- [WHAT YOU SHOULD DO]
Using the data below, transcribe exactly everything from the line that contains "MULTI-SPEAKER STREAMING USING" down to the line that contains "觀察那些熱門付費(fèi)應". Include both of those lines and none of the pictures.

- [RECORDS PROVIDED]
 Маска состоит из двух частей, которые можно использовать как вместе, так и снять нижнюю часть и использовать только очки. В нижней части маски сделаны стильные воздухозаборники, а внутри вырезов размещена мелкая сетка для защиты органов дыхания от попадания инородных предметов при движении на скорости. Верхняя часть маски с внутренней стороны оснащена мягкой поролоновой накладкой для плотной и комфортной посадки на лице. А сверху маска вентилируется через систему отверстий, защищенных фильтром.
==
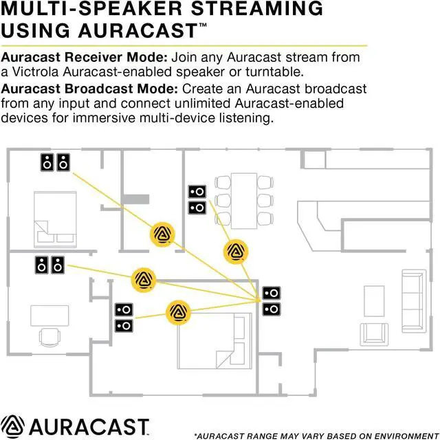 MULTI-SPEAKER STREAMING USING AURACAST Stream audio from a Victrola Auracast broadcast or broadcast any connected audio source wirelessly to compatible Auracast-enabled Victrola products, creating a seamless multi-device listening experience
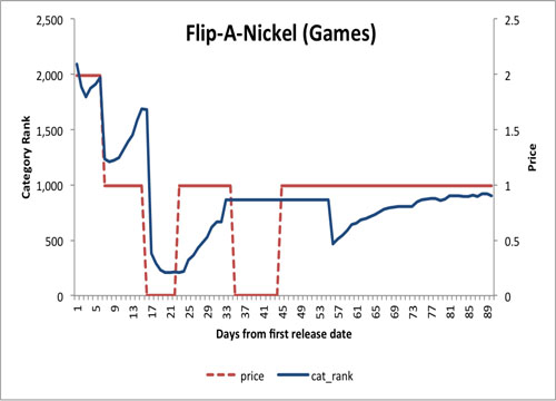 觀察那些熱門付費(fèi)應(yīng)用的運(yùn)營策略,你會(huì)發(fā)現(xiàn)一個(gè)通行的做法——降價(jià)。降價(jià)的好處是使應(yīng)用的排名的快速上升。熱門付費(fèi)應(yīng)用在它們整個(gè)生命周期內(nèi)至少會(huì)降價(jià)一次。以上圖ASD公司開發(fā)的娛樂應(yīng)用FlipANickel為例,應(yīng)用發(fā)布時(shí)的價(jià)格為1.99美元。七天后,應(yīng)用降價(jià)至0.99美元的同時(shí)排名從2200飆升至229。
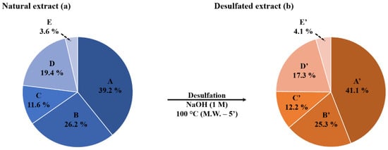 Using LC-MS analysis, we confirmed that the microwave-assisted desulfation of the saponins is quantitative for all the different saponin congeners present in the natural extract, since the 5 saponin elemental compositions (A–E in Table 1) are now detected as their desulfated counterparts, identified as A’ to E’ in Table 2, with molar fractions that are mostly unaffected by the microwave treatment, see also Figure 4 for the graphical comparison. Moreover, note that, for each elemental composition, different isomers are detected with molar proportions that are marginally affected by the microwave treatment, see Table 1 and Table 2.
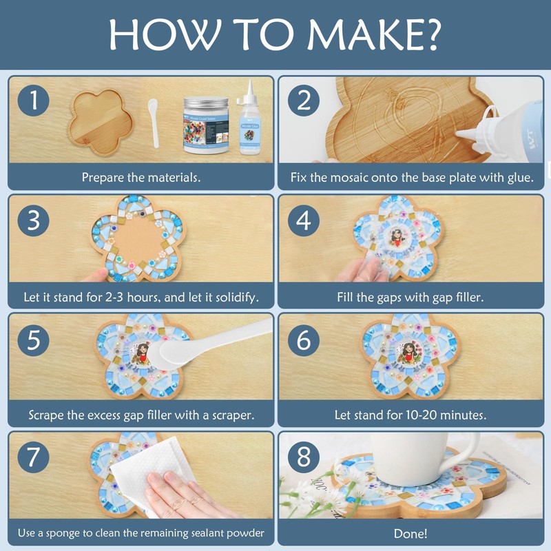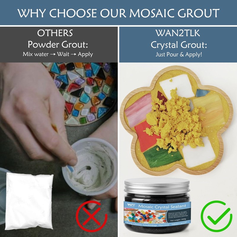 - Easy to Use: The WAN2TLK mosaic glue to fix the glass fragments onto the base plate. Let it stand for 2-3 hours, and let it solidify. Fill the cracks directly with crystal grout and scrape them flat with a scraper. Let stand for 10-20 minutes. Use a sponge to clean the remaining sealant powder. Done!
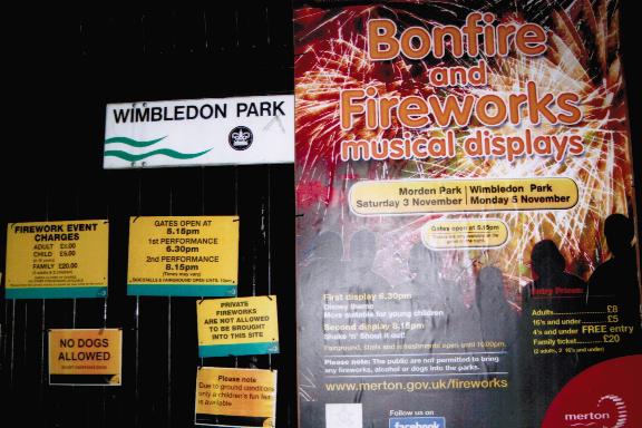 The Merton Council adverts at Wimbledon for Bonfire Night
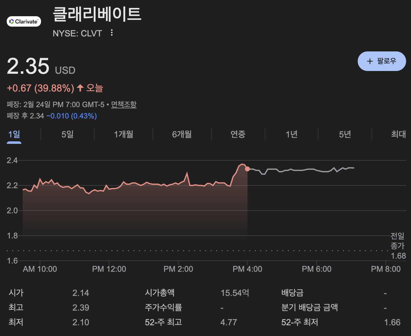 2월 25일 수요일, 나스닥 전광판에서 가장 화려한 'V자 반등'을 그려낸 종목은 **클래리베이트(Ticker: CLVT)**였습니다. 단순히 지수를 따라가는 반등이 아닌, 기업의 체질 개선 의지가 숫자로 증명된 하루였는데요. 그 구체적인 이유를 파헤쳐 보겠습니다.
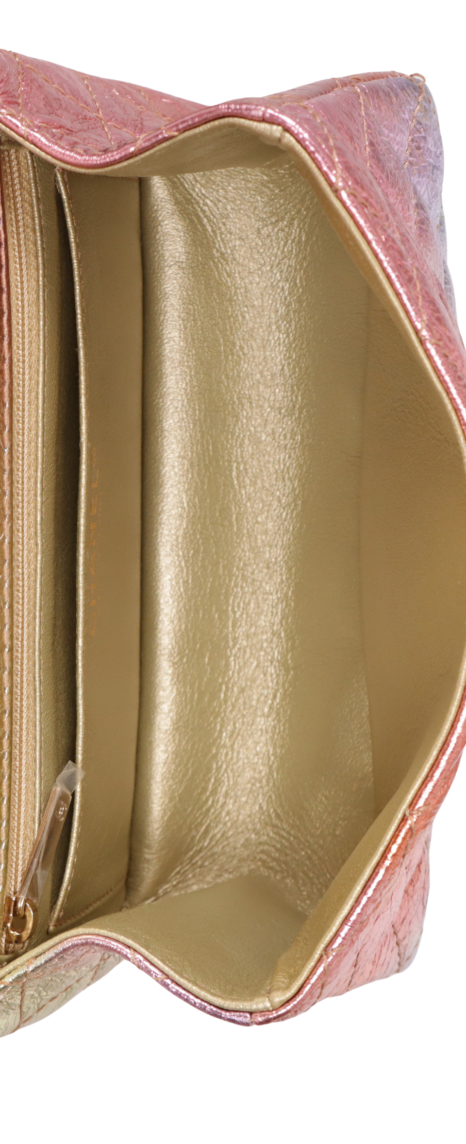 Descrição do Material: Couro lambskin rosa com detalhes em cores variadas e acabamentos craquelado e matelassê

- [EXERCISE RESPONSE]
 MULTI-SPEAKER STREAMING USING AURACAST Stream audio from a Victrola Auracast broadcast or broadcast any connected audio source wirelessly to compatible Auracast-enabled Victrola products, creating a seamless multi-device listening experience
 觀察那些熱門付費(fèi)應(yīng)用的運(yùn)營策略,你會(huì)發(fā)現(xiàn)一個(gè)通行的做法——降價(jià)。降價(jià)的好處是使應(yīng)用的排名的快速上升。熱門付費(fèi)應(yīng)用在它們整個(gè)生命周期內(nèi)至少會(huì)降價(jià)一次。以上圖ASD公司開發(fā)的娛樂應(yīng)用FlipANickel為例,應(yīng)用發(fā)布時(shí)的價(jià)格為1.99美元。七天后,應(yīng)用降價(jià)至0.99美元的同時(shí)排名從2200飆升至229。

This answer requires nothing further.